We have a table used for assigning trainers to planned customer installations. In the table, there is a record for each trainer, for each day of the year. (We can, and sometimes do, work weekends.) I am building a search tool that allows our schedulers to search for a trainer that is available X number of days between dates Y and Z.
Table mySchedule
Trainer Date Dirty (Bit)
------------------------------------------------
Joe 06/01/2013 0
Jessica 06/01/2013 0
Alan 06/01/2013 0
Heather 06/01/2013 0
Joe 06/02/2013 1
Jessica 06/02/2013 1
Alan 06/02/2013 0
Heather 06/02/2013 0
Joe 06/03/2013 1
Jessica 06/03/2013 1
Alan 06/03/2013 1
Heather 06/03/2013 0
This is a simplified version of my table, covering four trainers over 3 days. If they have something scheduled, Dirty = 1. If they are free to schedule, Dirty = 0.
What I would like to build is a query that allows for the following:
Define a Beginning and Ending Date that the work needs to occur.
Define the number of consecutive days that the trainer will be required.
Return each Trainer that matches, along with the first date they are available for a period of time at least equal to the number of days being requested.
Plain text example:
The customer asks for a trainer to be onsite for two days anytime in June. The query should return:
Alan, 06/01/2013
Heather, 06/01/2013
If the customer changed the request to three days in June, the query would return:
Heather, 06/01/2013
I've been searching for a few days now, and I've found some things that seemed close, but ultimately, I couldn't get them to work. In most cases, the failure has been in the form of insanely long execution times. Here are a few that seemed promising, and perhaps can be adapted by someone with stronger SQL-Fu than I am packing:
- How to find N Consecutive records in a table using SQL
- Microsoft T-SQL Counting Consecutive Records
- How to find date ranges in records with consecutive dates and duplicate data
not sure how this will perform against a larger data set, but it gets the right results for the data set provided.

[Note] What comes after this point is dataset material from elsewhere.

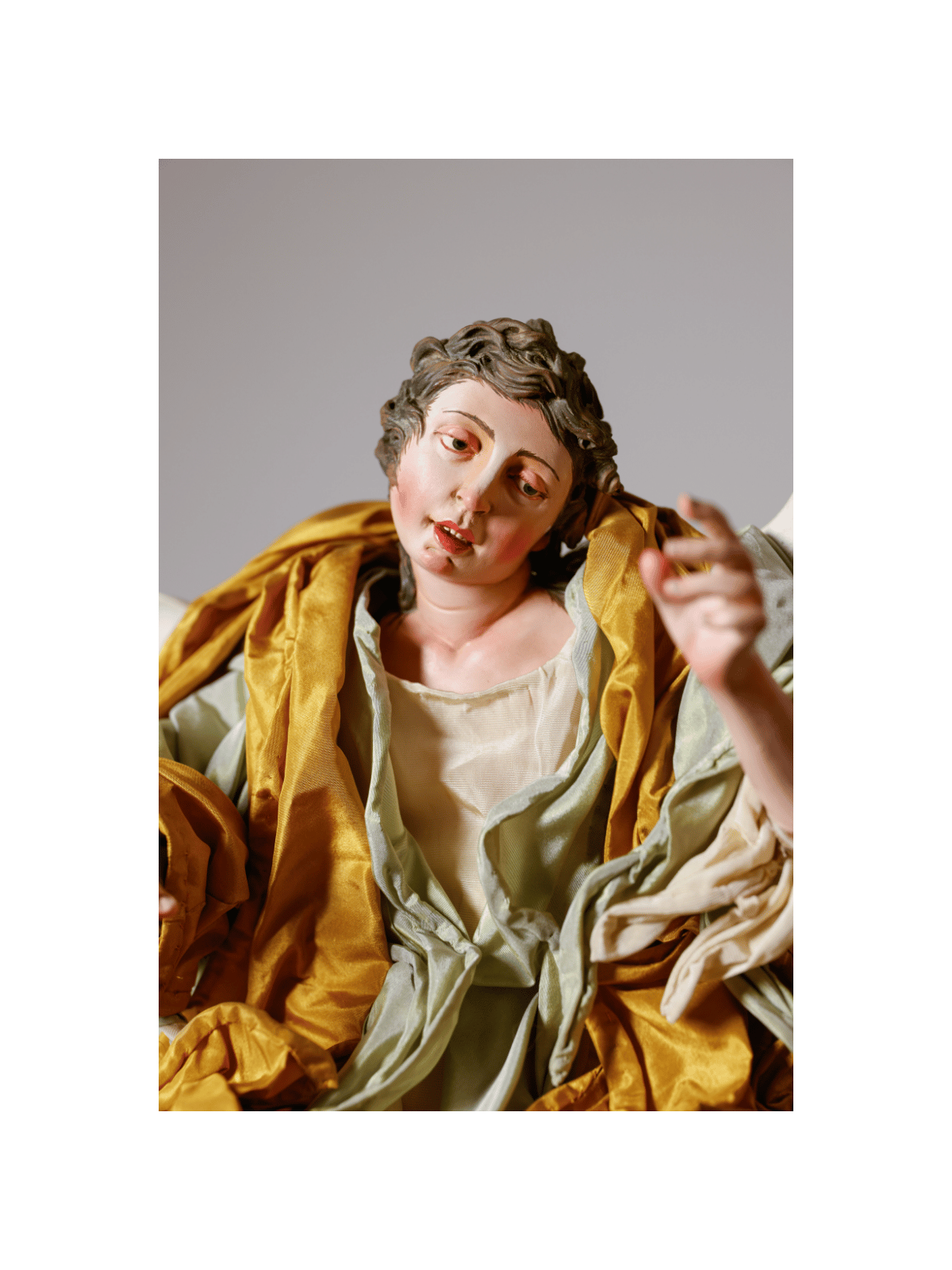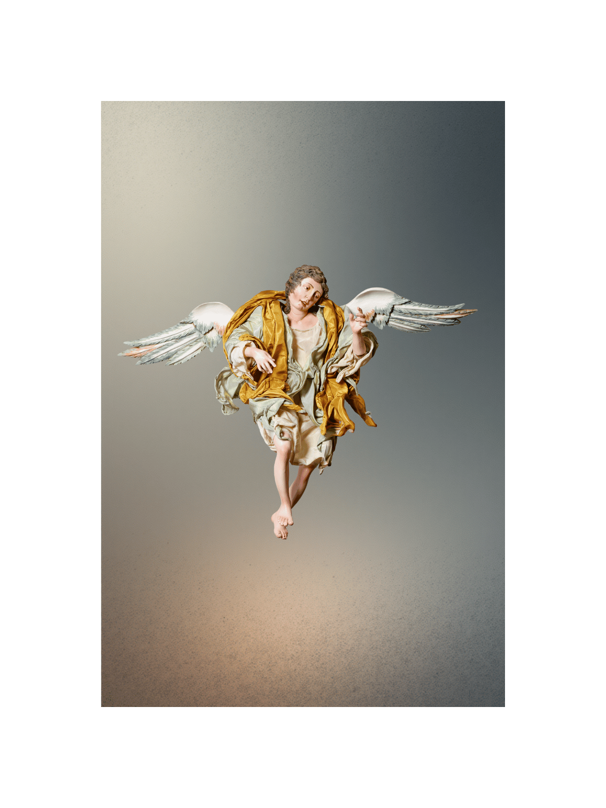 Le ali, scolpite in legno e dipinte nei toni del grigio perla, si aprono maestose ai lati della figura. Le vesti, in preziosa seta color oro antico e avorio, si muovono in un panneggio dinamico che cattura il movimento del volo, seguendo la tradizione barocca napoletana.

Missing data points are assumed to be available.
declare @startDate datetime, @endDate datetime, @days int
select @startDate = '6/1/2013', @endDate='6/3/2013', @days=2
select trainer, min(date)
from
(
select trainer,date,
(select top 1 date
from mySchedule sInner
where sInner.date > sOuter.date
and sInner.trainer = sOuter.trainer
and sInner.Dirty = 1
and sInner.date between @startDate and @endDate
order by sInner.date) as nextDirtyDate
from mySchedule sOuter
where sOuter.dirty=0
and sOuter.date between @startDate and @endDate
) sub
group by trainer, nextDirtyDate
having dateDiff(d, min(date), isNull(nextDirtyDate,dateAdd(d,1,@endDate))) >= @days
Assuming that a missing schedule record defaults to "available", something like this should work:
WITH cteRawData As
(
SELECT
S.Trainer,
S.Date,
-- If there are no later busy dates within the period,
-- assume they're free until the end of the period:
IsNull(ED.EndDate, DateAdd(day, 1, @EndDate)) As EndDate
FROM
mySchedule As S
CROSS APPLY
(
SELECT
Min(Date) As EndDate
FROM
mySchedule As S2
WHERE
S2.Trainer = S.Trainer
And
S2.Date > S.Date
And
S2.Date <= @EndDate
And
S2.Dirty = 1
) As ED
WHERE
S.Date Between @StartDate And @EndDate
And
S.Dirty = 0
),
cteData As
(
SELECT
Trainer,
Date,
DateDiff(day, Date, EndDate) As NumberOfDays
FROM
cteRawData
)
SELECT
Trainer,
Min(Date) As EarliestStartDate
FROM
cteData
WHERE
NumberOfDays >= @NumberOfDays
GROUP BY
Trainer
;
http://www.sqlfiddle.com/#!3/7b3e2/17
Note: I dont know how good the performance is,as it uses a running total.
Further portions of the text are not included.